Volvo Launches Aggressive Chinese Expansion

This morning, Swedish construction equipment manufacturer Volvo announced that it will invest more than $100 million in the expansion of products and production capacity in emerging markets. As the company's president Olof Persson explained, most of the investment will be channeled toward new and developing projects in China. During the press briefing, Volvo's president noted that, "Volvo is committed to supporting our capacity and product offerings in China and throughout Asia. We will achieve this by a comprehensive program of investments in our Asian industrial operations, a strengthening of our dealer network, and an expansion of our products that are more closely tailored to the specific needs of customers in this region." The announcements were made following Volvo's presentation at Bauma China, the biennial Asian construction equipment exhibition held in Shanghai. According to the initial press release, Volvo plans to set up a $30 million Volvo Technology Center in Jinan, Shandong province, while also investing $50 million into expanding its joint venture production facilities in Linyi, Shandong province. Construction of new facilities and equipment is expected to be completed by the end of 2012. In total, this new investment adds to the already $30 million that Volvo has invested in its Shanghai Volvo excavator manufacturing facility. Moreover, while the proposed investment is certain to improve Volvo's performance within China, it is important to recognize that Volvo has already achieved significant success within the Chinese marketplace. Recent financial reports indicate that Volvo's business in Asia has doubled since the beginning of 2010, with China being a economic driver. In particular, Volvo's excavator business, which builds and designs heavy equipment for large mining enterprises, has increased by more than 135 percent this year.

Overall, it is important that investors and economic stakeholders continue to recognize the growth potential that emerging markets - including China - contain. Across the world, demand for reliable competitively priced equipment that supports excavating, construction, and infrastructure development continues to remain high. In fact, in late 2008, the Chinese government announced its intent to investment nearly US$602 billion in China's domestic economy, with 83 percent going to infrastructure construction. Since the money initially started flowing, booming demand has led to a boost in the production of construction equipment in China, with more than 234,000 units produced in 2010 alone (a figure that accounts for more than half of the world's total). With persistent short and long term market potential, as well as predictions that Chinese public infrastructure spending will grow by nearly 160 percent in the next five years (from the current 2.6 trillion yuan a year to 6.7 trillion yuan in 2015), Volvo appears to be well positioned. Moreover, while the new investment will primarily support Volvo's commercial units, Volvo's commitment to support the local premium customer segment with Volvo branded products promises to boost the company's performance and market value.
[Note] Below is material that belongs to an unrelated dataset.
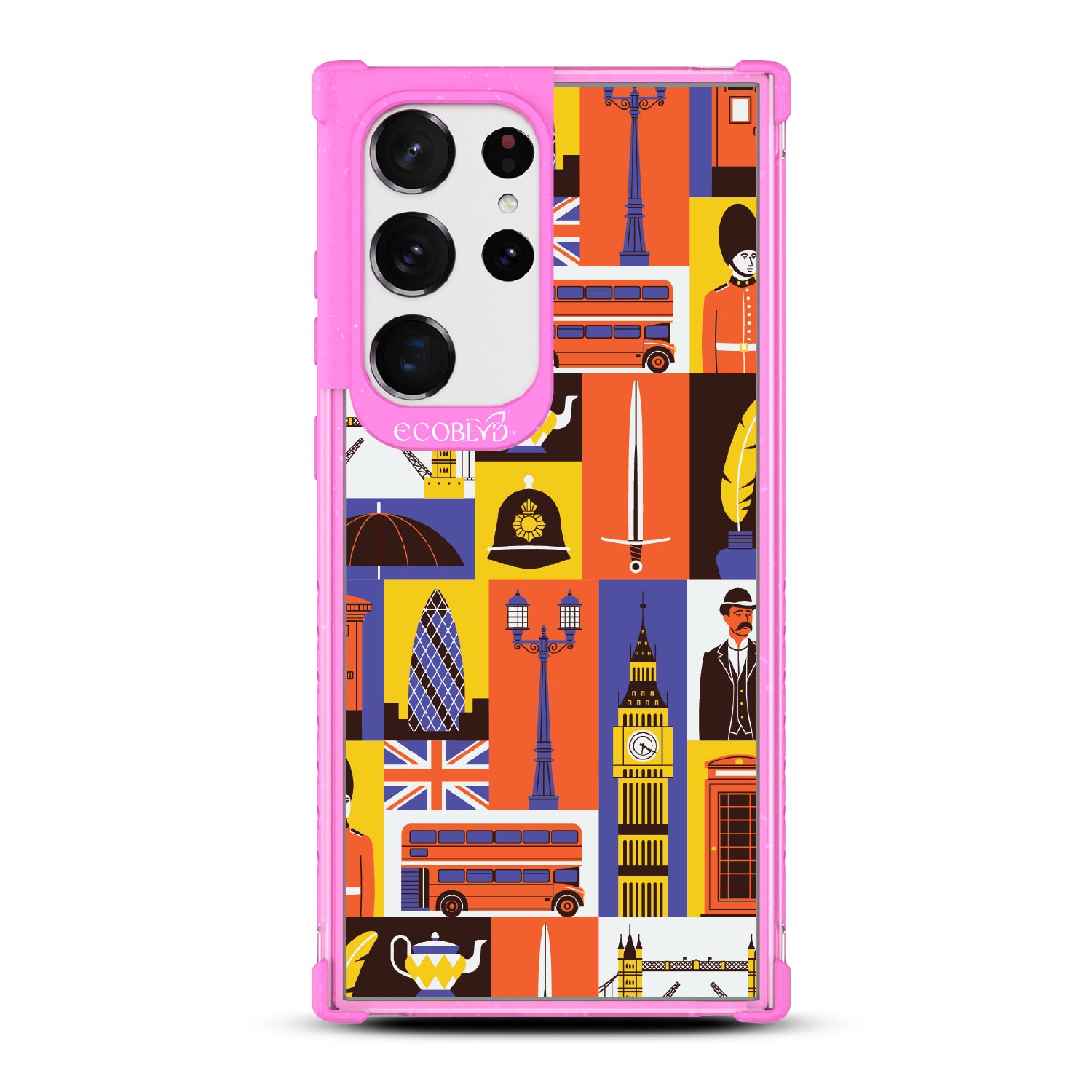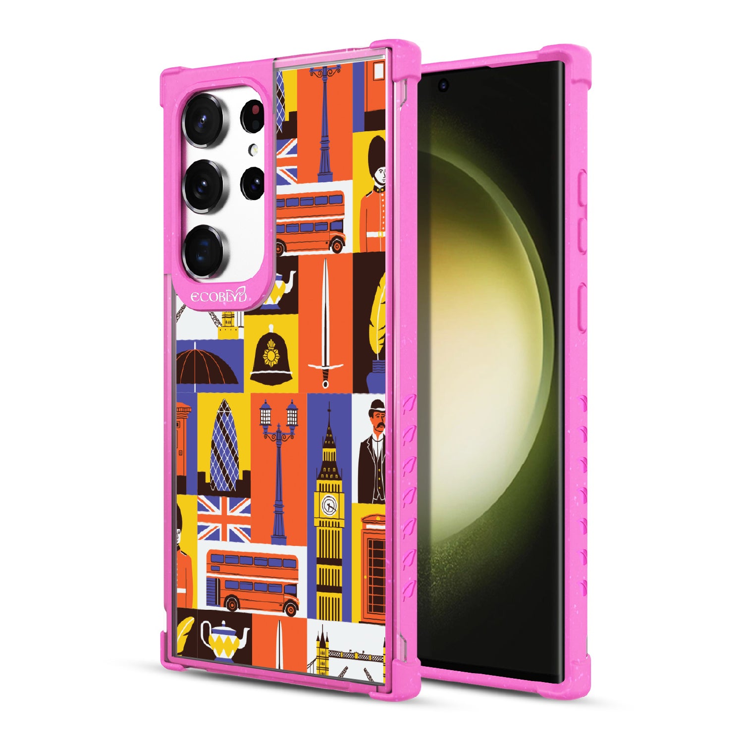 Climb onto the top deck of your own tour bus with the London Town design on our Laguna clear Galaxy S23 Ultra phone case, where every box offers a new sight to be seen. From the grand silhouette of Big Ben to the solemn beauty of the Royal Guards, and the quaint charm of the traditional red telephone box, this design is your all-access pass to the city’s most storied landmarks.

On the whole, Volvo appears well positioned to capitalize on market growth and and around China. Volvo's dual brand approach offers a unique advantage which will enable them to meet the needs of a much wider customer base than competitors. Additionally, it is arguable that short term market share gains will be maintainable, particularly because Volvo is customizing many of its products specifically for Asian consumers - using local Chinese knowledge which enhances consumer buy-in while also leveraging an expanded Asian manufacturing footprint.